Ann Fr Anesth Réanim 2001 ; 20 : 669-71 © 2001 Éditions scientifiques et médicales Elsevier SAS. Tous droits réservés S0750765801004506/EDI
Éditorial
Le bilan d’hémostase préopératoire : un changement pour la continuité ? C. Bléry* Centre chirurgical Saint-Roch, 29, route de Gordes, BP 65, 84302 Cavaillon cedex, France
Le cas du bilan d’hémostase préopératoire est exemplaire du processus complexe qui amène un praticien à prescrire un examen complémentaire. Ce processus de décision où se mêlent raison et sentiments cristallise quelques bons motifs, quelques fausses pistes et beaucoup d’erreurs de raisonnement, les pratiques actuelles semblant entériner une erreur de cible (le saignement) et une erreur de moyens (tests non adaptés aux objectifs). L’hémostase est un réseau complexe d’équilibres entre des forces procoagulantes et anticoagulantes, dont les altérations peuvent aboutir à un désordre hémorragique ou thrombotique. En prescrivant un bilan d’hémostase, les praticiens privilégient le risque hémorragique. C’est une première fausse piste. En réalité le risque hémorragique de la chirurgie n’est plus une réelle préoccupation, et son estimation est aisée. Il dépend avant tout du type d’acte chirurgical et de la dextérité avec lequel il est réalisé. Il diminue d’années en années.

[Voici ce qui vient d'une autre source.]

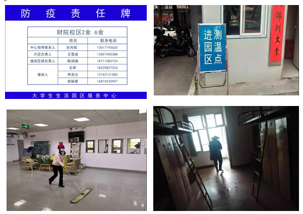 湖南大学学生园区中心加强集中统一领导、集中统一协调和集中统一调度,建立联防联控、群防群控机制,加大信息共享、工作督办,加快应急响应速度,4个工作组、120余名一线员工坚守岗位,全力守护学生平安。一是严把园区和宿舍大门关,杜绝外来人员、车辆进入园区,工作人员和留校学生测量体温并实名登记后进入园区,做到每人必检,每车必查,人人询问行程,人人测量体温,人人实名登记。二是对所有楼栋实行封闭管理,留校学生严格进出、每日测量体温并做好实名制登记。三是每日做好楼栋通风透气,对楼栋内外公共区域进行全面消毒,建立电梯、洗衣机、门禁等公共设施消毒台账,设置废旧口罩回收点并消毒,加大供电、供水、空调等设备设施的巡检力度,严格按要求使用和保管消毒液和医用酒精。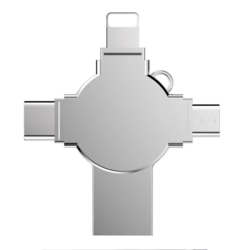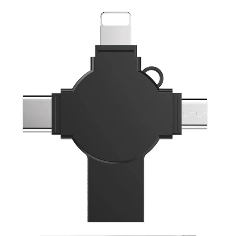 The 4 in 1 High-Speed Transmission Flash Drive is a versatile storage device that offers multiple connection options and fast data transfer speeds. With its 4-in-1 design(Android, Lightning, Type-C, USB), it provides convenient connectivity to various devices and allows for easy file transfers and sharing.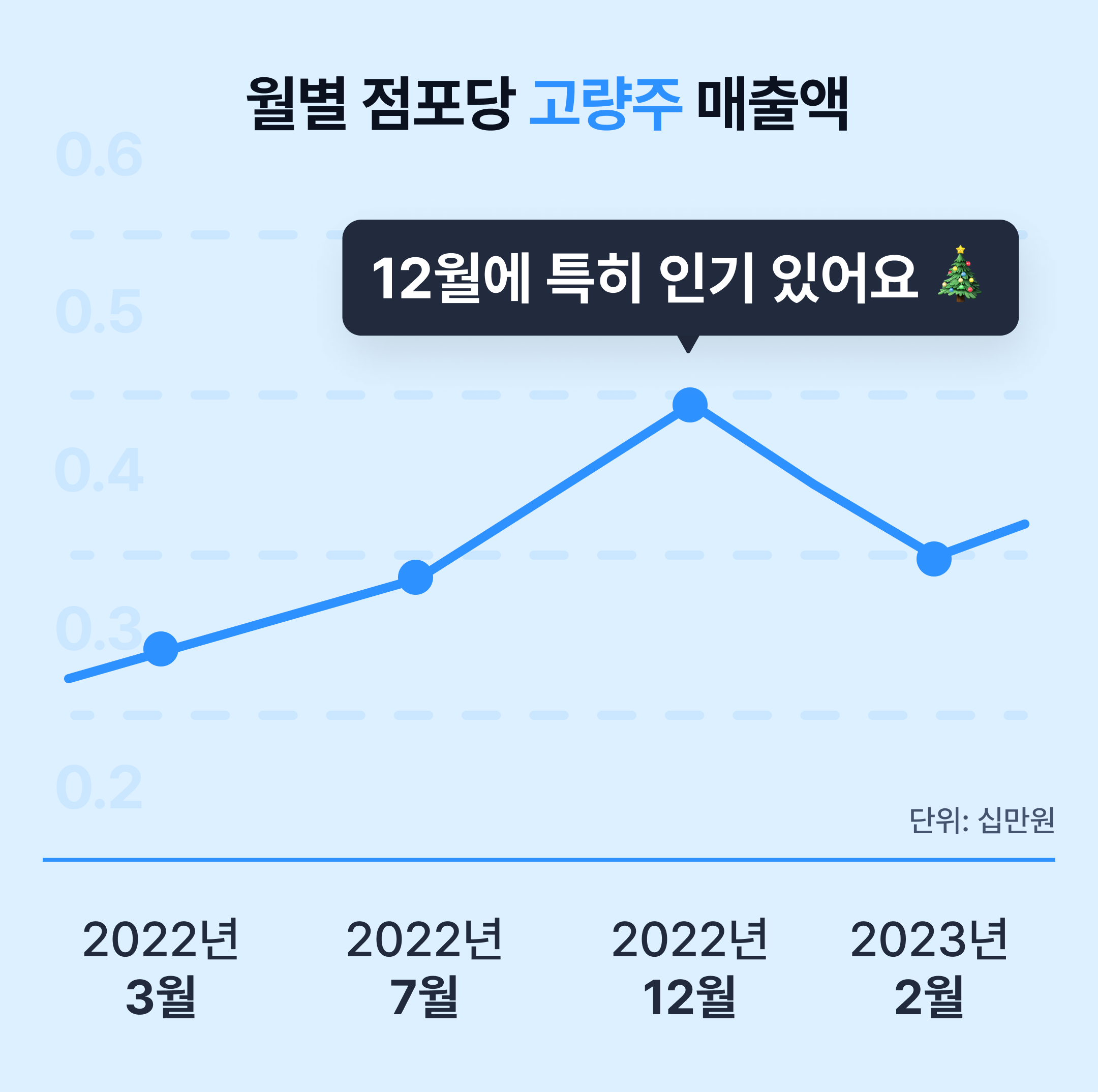 증류식 소주와 비슷하게 고량주도 파티가 많은 12월의 매출액이 크게 증가하는 모습입니다.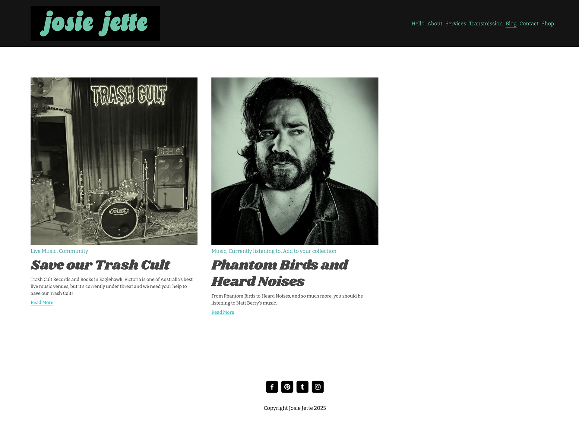 Josie Jette is a Singer/ Songwriter who fuses lyrics with melody to create catchy tunes that will dive in, get lost in the maze of your mind and stay there for days, searing your synapses and becoming part of your brain waves. My role was to create the new branding to reflect her musical direction and then translate that into an engaging website to showcase her music, writing and design work.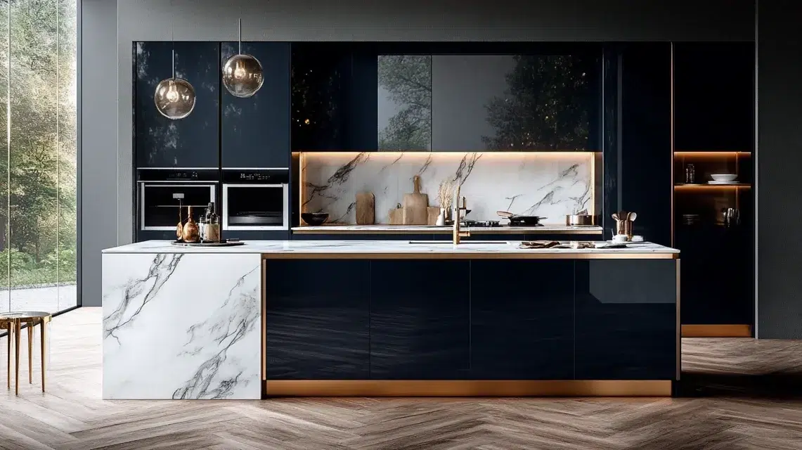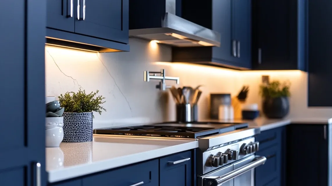 Navy blue cabinets paired with white quartz countertops create a sharp and clean look. The deep blue brings strength, while the bright white quartz offers a polished, fancy finish. This combo looks great in both modern and classic kitchens, and it helps bounce light around the room.

Le contrôle visuel de l’hémostase chirurgicale est permis par les techniques de moins en moins invasives comme la cœliochirurgie [1] ou l’adoption de techniques de dissections pour des interventions réputées à risque comme l’amygdalectomie. La diminution du risque hémorragique associée à la réflexion sur les risques transfusionnels a fait évoluer les bornes de décision en matière de transfusion, permettant en France de faire passer, le taux de transfusion homologue de 11 % en 1980 à 1,8 % en 1996 [2].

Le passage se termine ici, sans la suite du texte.